What the exercise asks: Give all of the listing again word for word, with images excluded.

Raw data:
________

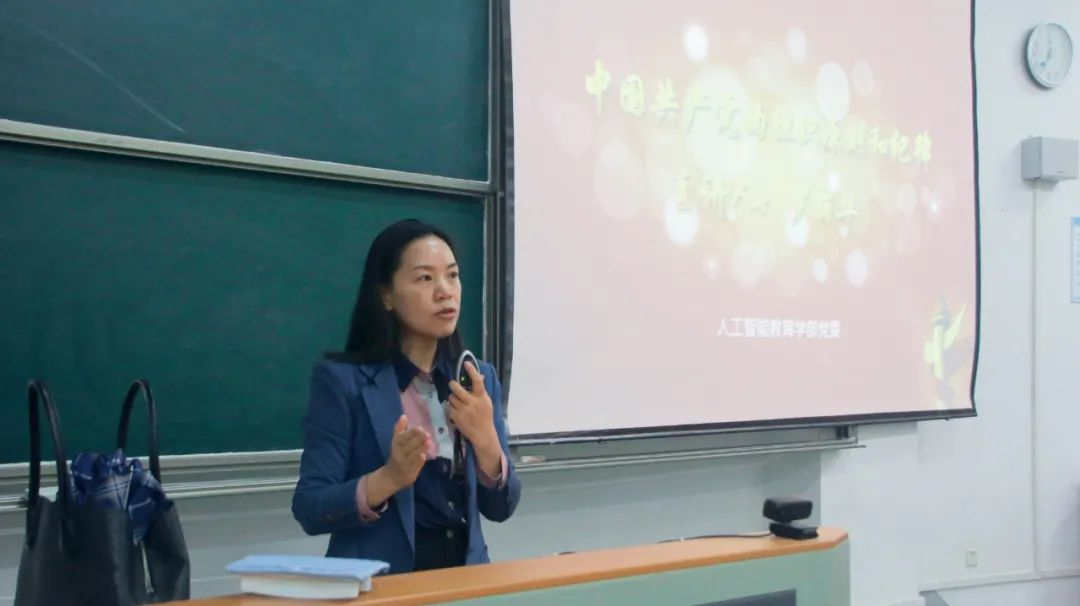 人工智能教育学部党委书记罗丽华同志以“中国共产党的组织原则和纪律”为题,从“什么是民主集中制”“为什么要坚持民主集中制”“怎样坚持和健全民主集中制”三方面讲解组织原则,从内容、特点与如何遵守和维护三方面讲解党的纪律。
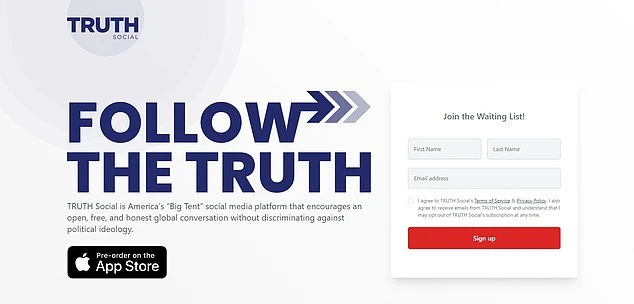Giao diện đăng nhập của mạng xã hội TRUTH Social của cựu Tổng thống Donald Trump. Ảnh: GOOGLE
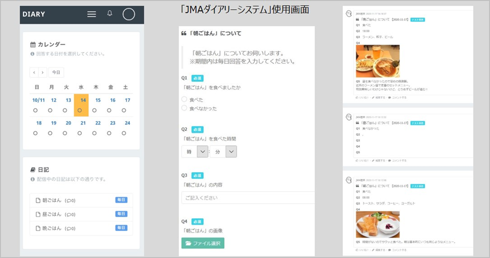 対象者ごとに個人ページを作成。SNSのような画面デザインで操作しやすく、パソコン、スマートフォン、タブレットなど各種デバイスにも対応しています。画像ファイルの添付も容易なため、毎日の食事や購買の記録も、ストレスフリーに行えます。
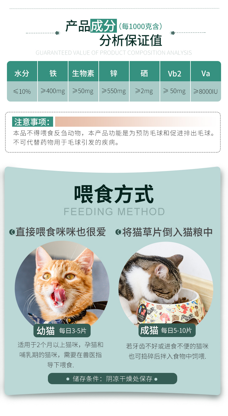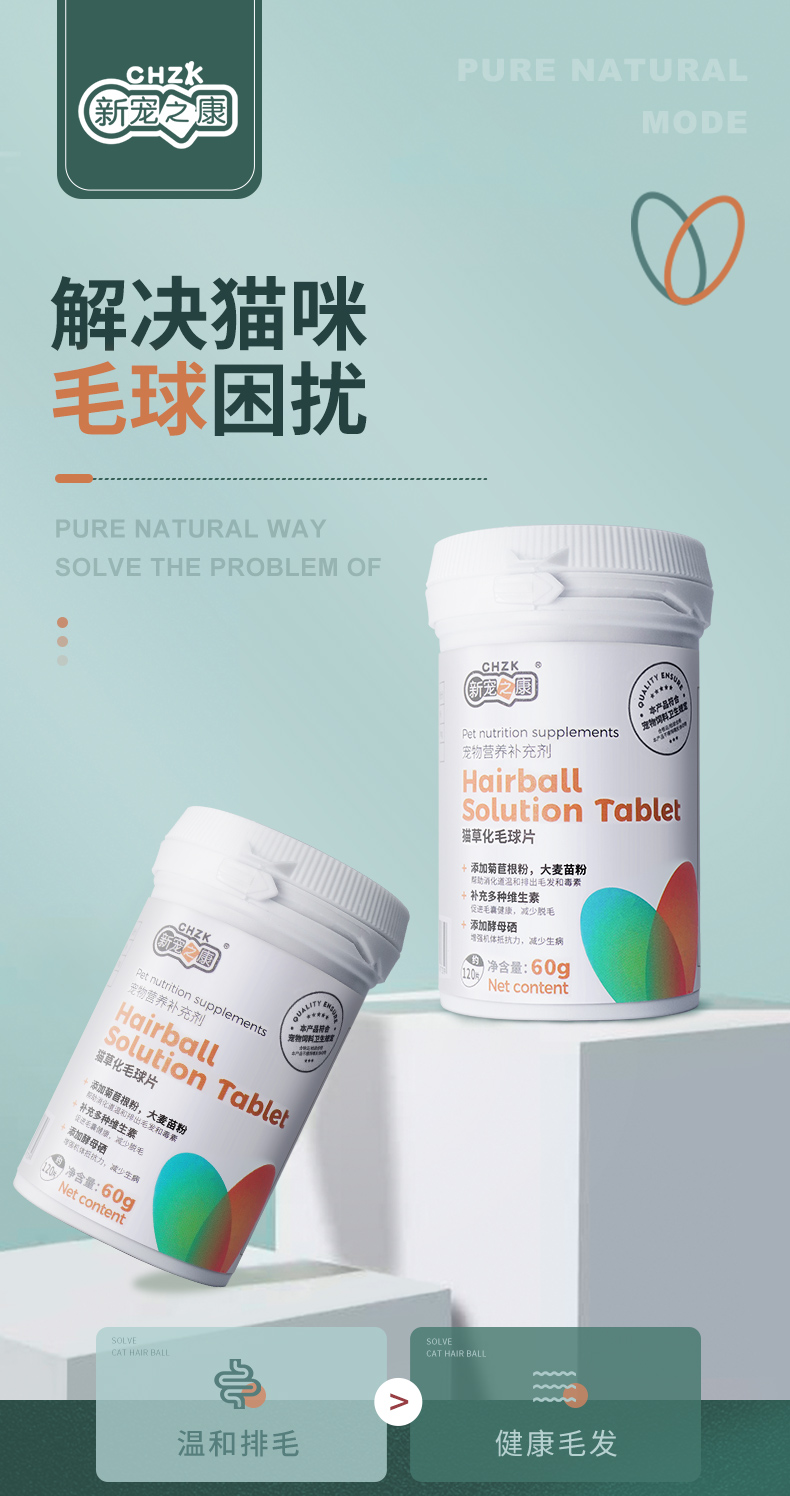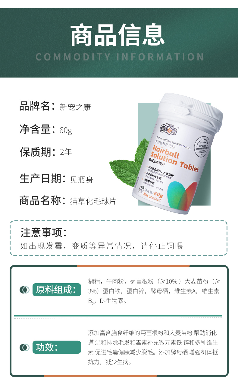 新宠之康-猫草化毛球片-60g天然植物去毛球调理肠胃猫咪化毛片

________

Written solution:
 人工智能教育学部党委书记罗丽华同志以“中国共产党的组织原则和纪律”为题,从“什么是民主集中制”“为什么要坚持民主集中制”“怎样坚持和健全民主集中制”三方面讲解组织原则,从内容、特点与如何遵守和维护三方面讲解党的纪律。
Giao diện đăng nhập của mạng xã hội TRUTH Social của cựu Tổng thống Donald Trump. Ảnh: GOOGLE
 対象者ごとに個人ページを作成。SNSのような画面デザインで操作しやすく、パソコン、スマートフォン、タブレットなど各種デバイスにも対応しています。画像ファイルの添付も容易なため、毎日の食事や購買の記録も、ストレスフリーに行えます。
 新宠之康-猫草化毛球片-60g天然植物去毛球调理肠胃猫咪化毛片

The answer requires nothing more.